* _Directions_:
Would you retype exactly the lines below, starting with the one that has "Интегральный стерео усилитель" and going on through the one that has "秘书处秘书长卓金宝同学总结了", with no pictures and nothing else?

* _Task material_:
Start of Block
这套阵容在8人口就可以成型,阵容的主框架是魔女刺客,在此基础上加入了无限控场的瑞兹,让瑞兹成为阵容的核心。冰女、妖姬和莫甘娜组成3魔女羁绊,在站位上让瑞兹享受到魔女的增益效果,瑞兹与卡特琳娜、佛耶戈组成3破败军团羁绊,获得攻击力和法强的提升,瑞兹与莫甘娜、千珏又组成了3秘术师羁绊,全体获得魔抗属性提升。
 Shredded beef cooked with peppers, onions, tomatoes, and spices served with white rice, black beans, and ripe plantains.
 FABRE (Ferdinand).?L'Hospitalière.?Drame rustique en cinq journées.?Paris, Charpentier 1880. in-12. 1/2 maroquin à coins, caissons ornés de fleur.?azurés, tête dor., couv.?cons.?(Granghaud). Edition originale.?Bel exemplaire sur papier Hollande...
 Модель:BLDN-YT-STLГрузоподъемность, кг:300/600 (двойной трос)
End of Block
Start of Block
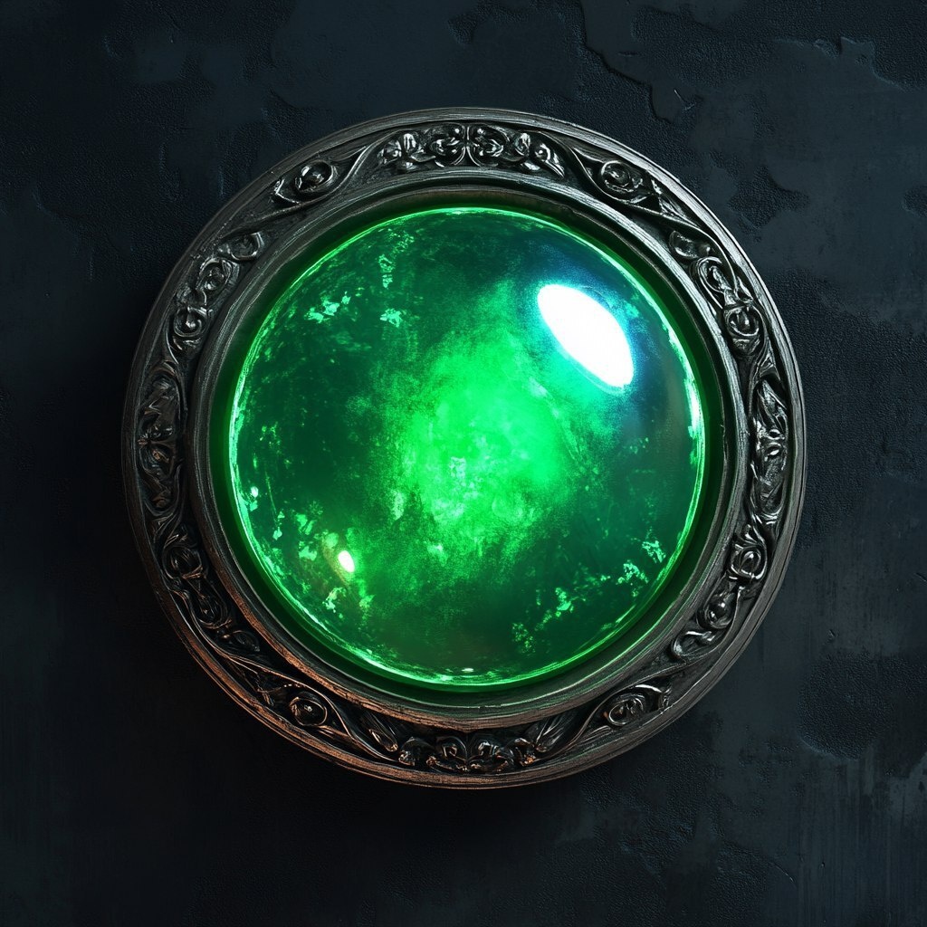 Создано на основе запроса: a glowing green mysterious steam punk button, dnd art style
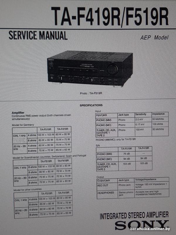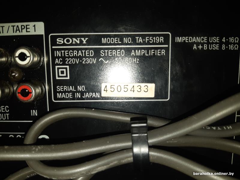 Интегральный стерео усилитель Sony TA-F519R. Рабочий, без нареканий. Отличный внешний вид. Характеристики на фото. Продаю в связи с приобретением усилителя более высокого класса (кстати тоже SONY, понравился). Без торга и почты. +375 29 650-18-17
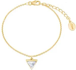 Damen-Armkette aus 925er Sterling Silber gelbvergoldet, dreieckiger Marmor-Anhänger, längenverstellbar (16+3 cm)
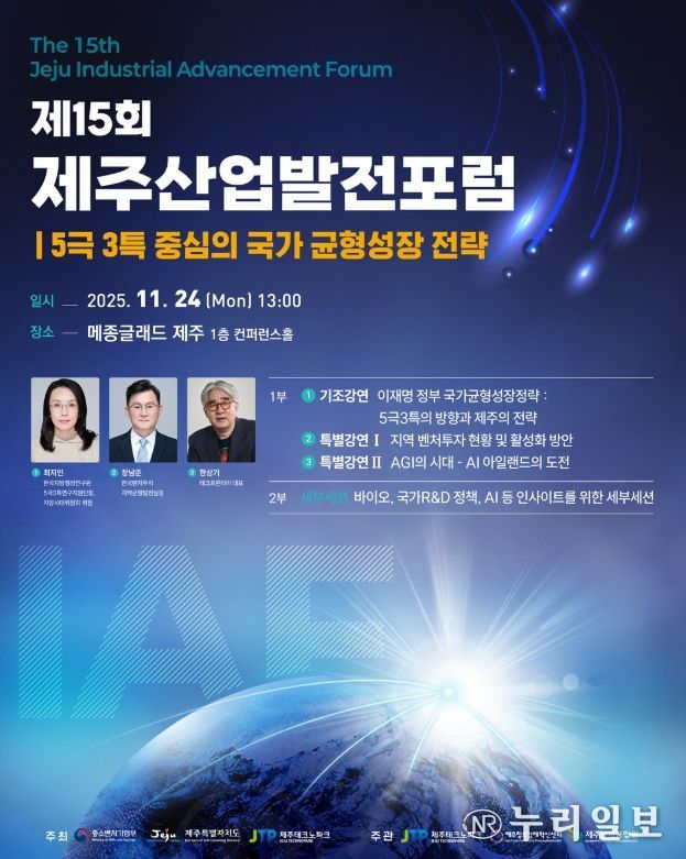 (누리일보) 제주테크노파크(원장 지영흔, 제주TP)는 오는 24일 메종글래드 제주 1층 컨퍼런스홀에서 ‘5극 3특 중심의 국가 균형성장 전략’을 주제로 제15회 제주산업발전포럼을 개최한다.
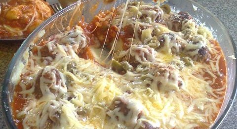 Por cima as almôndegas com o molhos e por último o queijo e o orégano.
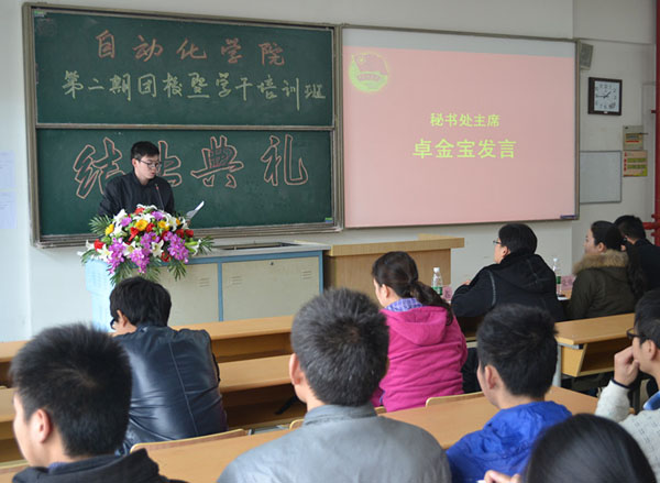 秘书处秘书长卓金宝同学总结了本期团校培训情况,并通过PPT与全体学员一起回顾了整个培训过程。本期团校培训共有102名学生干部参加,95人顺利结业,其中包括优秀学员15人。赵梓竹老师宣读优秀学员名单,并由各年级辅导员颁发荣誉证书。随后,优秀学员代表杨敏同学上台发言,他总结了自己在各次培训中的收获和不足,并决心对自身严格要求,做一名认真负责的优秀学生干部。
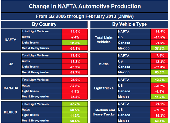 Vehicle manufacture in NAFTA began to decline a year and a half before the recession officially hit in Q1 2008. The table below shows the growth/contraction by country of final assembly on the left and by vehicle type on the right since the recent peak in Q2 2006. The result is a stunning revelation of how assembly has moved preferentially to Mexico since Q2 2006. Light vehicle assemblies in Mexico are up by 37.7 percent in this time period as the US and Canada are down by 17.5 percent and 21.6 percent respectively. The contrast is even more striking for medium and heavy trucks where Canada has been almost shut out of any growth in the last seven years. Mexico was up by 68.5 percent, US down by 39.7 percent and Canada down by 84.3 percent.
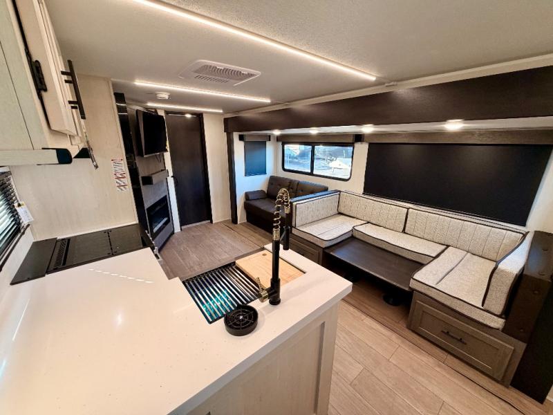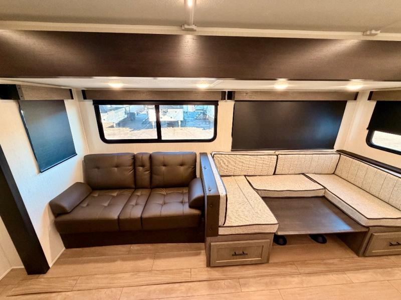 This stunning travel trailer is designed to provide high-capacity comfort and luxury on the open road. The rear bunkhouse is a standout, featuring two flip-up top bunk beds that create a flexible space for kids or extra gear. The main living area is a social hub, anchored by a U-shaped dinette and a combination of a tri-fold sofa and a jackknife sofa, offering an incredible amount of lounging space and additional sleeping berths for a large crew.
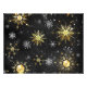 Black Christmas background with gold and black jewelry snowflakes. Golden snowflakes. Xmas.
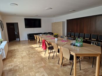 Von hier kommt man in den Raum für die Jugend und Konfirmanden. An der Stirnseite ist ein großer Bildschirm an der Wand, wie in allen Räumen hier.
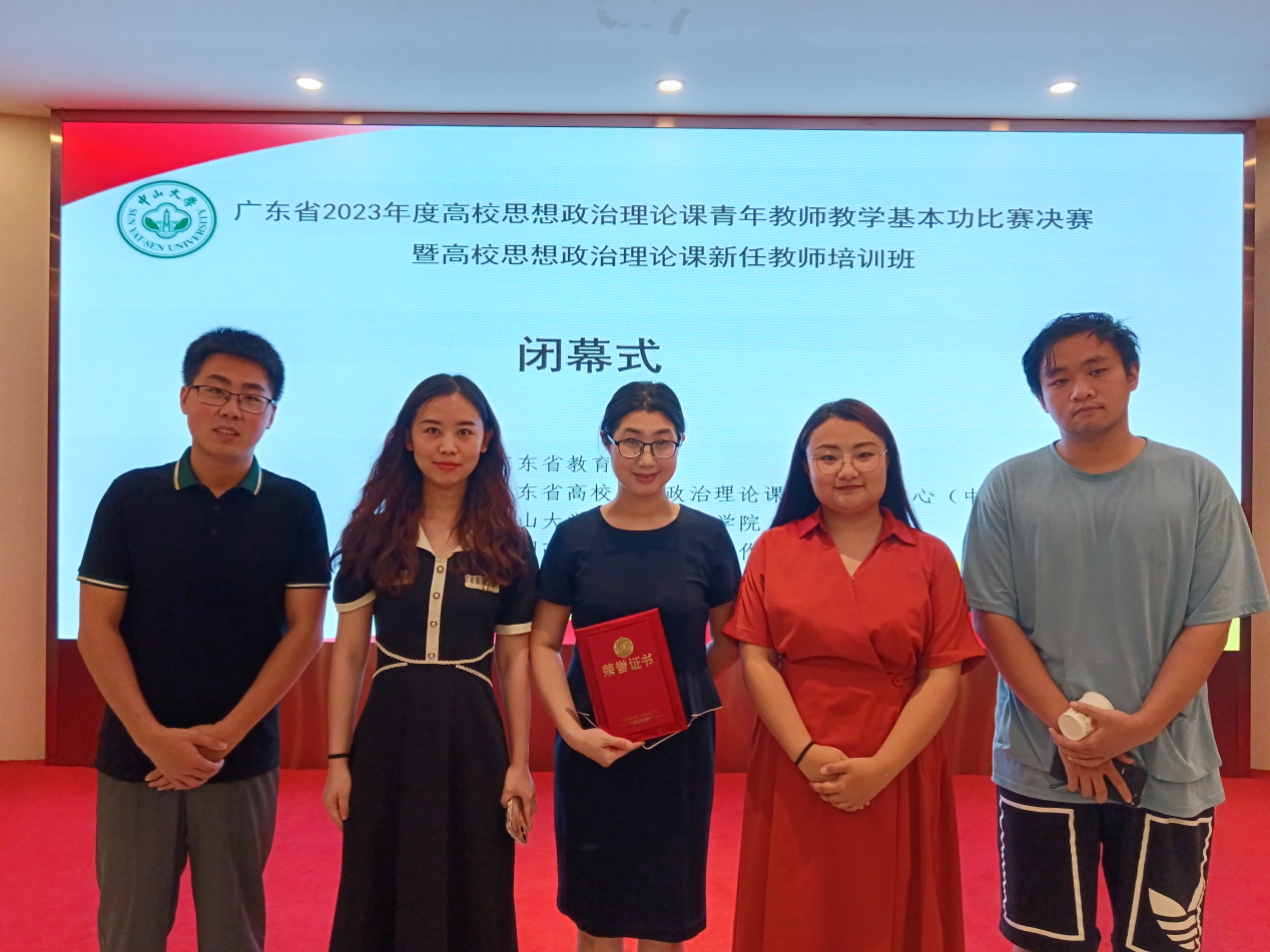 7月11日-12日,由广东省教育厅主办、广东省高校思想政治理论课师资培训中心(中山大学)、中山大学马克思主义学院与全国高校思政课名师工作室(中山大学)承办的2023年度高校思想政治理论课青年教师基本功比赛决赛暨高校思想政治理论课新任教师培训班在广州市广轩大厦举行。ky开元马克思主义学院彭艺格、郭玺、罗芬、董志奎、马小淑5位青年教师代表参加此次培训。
End of Block
Start of Block
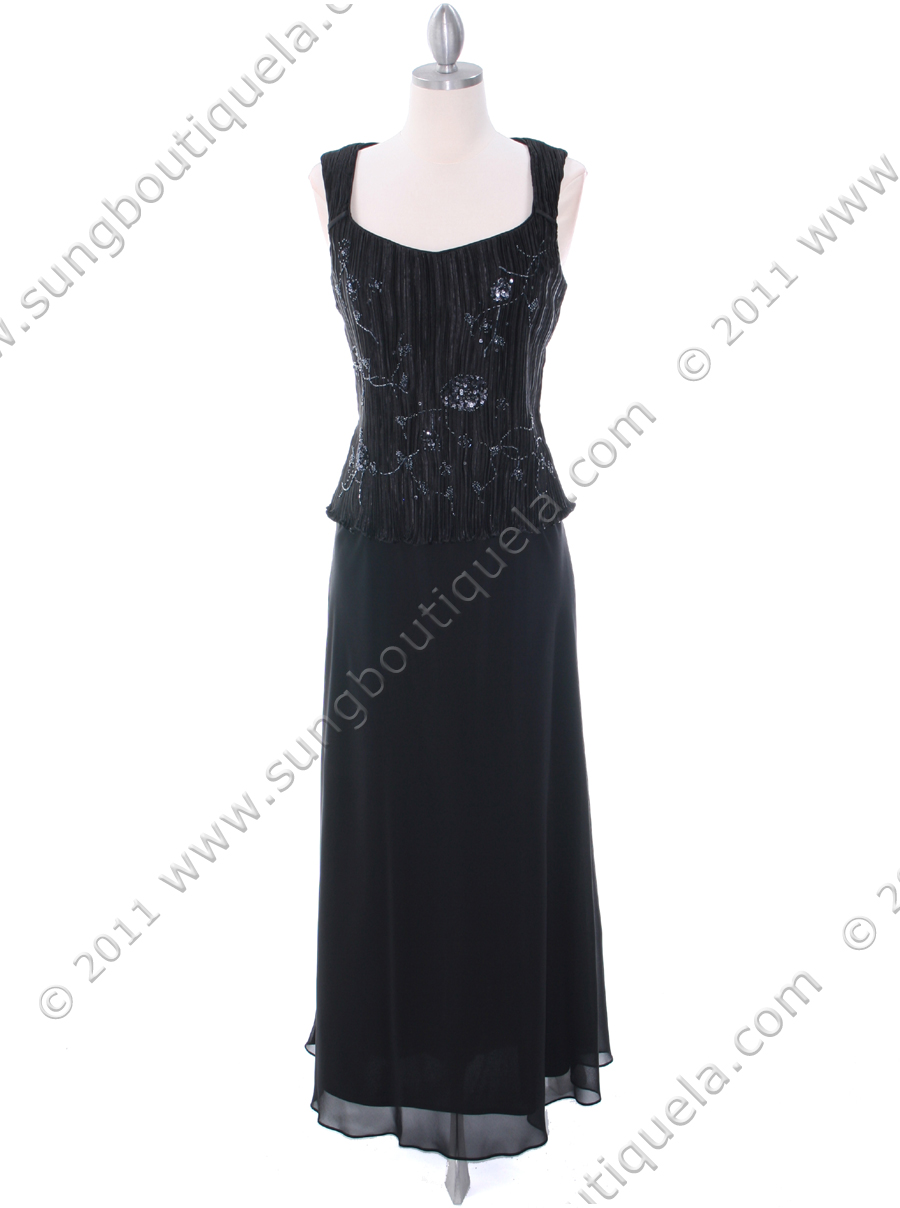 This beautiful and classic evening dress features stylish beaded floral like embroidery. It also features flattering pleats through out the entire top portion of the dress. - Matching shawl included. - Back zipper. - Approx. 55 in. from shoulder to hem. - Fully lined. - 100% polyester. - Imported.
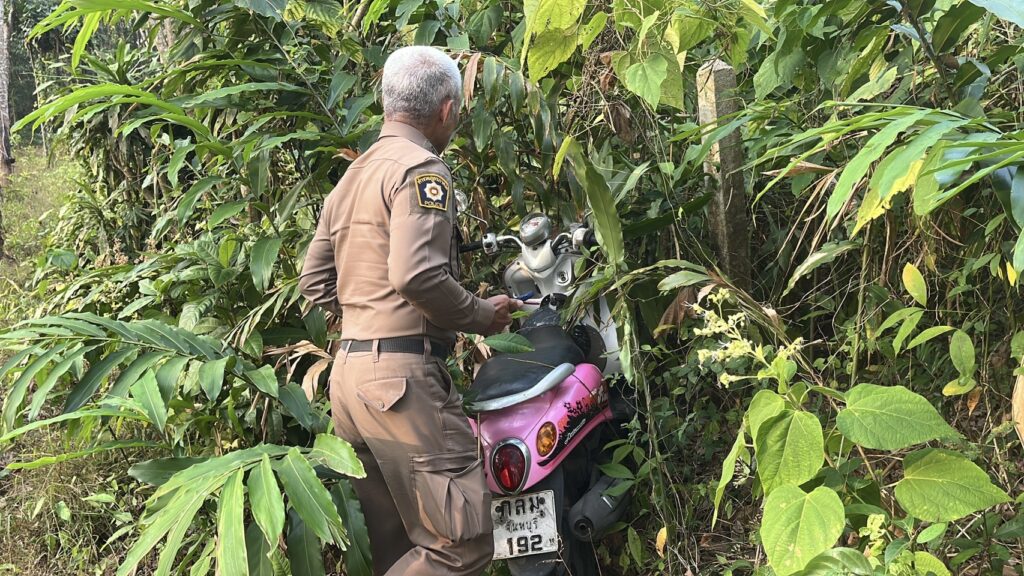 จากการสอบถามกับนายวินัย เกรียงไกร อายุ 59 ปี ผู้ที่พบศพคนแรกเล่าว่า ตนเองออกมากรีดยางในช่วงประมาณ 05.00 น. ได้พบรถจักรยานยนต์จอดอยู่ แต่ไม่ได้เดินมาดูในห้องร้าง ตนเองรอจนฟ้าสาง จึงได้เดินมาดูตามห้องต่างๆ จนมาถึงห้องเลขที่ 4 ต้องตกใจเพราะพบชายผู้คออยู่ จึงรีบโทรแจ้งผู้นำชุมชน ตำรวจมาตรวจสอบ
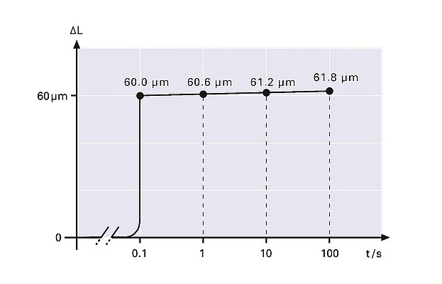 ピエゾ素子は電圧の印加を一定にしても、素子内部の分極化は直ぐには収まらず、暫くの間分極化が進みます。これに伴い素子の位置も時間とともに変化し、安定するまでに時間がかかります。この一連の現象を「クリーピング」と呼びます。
End of Block
* _Exercise response_:
 Интегральный стерео усилитель Sony TA-F519R. Рабочий, без нареканий. Отличный внешний вид. Характеристики на фото. Продаю в связи с приобретением усилителя более высокого класса (кстати тоже SONY, понравился). Без торга и почты. +375 29 650-18-17
 Damen-Armkette aus 925er Sterling Silber gelbvergoldet, dreieckiger Marmor-Anhänger, längenverstellbar (16+3 cm)
 (누리일보) 제주테크노파크(원장 지영흔, 제주TP)는 오는 24일 메종글래드 제주 1층 컨퍼런스홀에서 ‘5극 3특 중심의 국가 균형성장 전략’을 주제로 제15회 제주산업발전포럼을 개최한다.
 Por cima as almôndegas com o molhos e por último o queijo e o orégano.
 秘书处秘书长卓金宝同学总结了本期团校培训情况,并通过PPT与全体学员一起回顾了整个培训过程。本期团校培训共有102名学生干部参加,95人顺利结业,其中包括优秀学员15人。赵梓竹老师宣读优秀学员名单,并由各年级辅导员颁发荣誉证书。随后,优秀学员代表杨敏同学上台发言,他总结了自己在各次培训中的收获和不足,并决心对自身严格要求,做一名认真负责的优秀学生干部。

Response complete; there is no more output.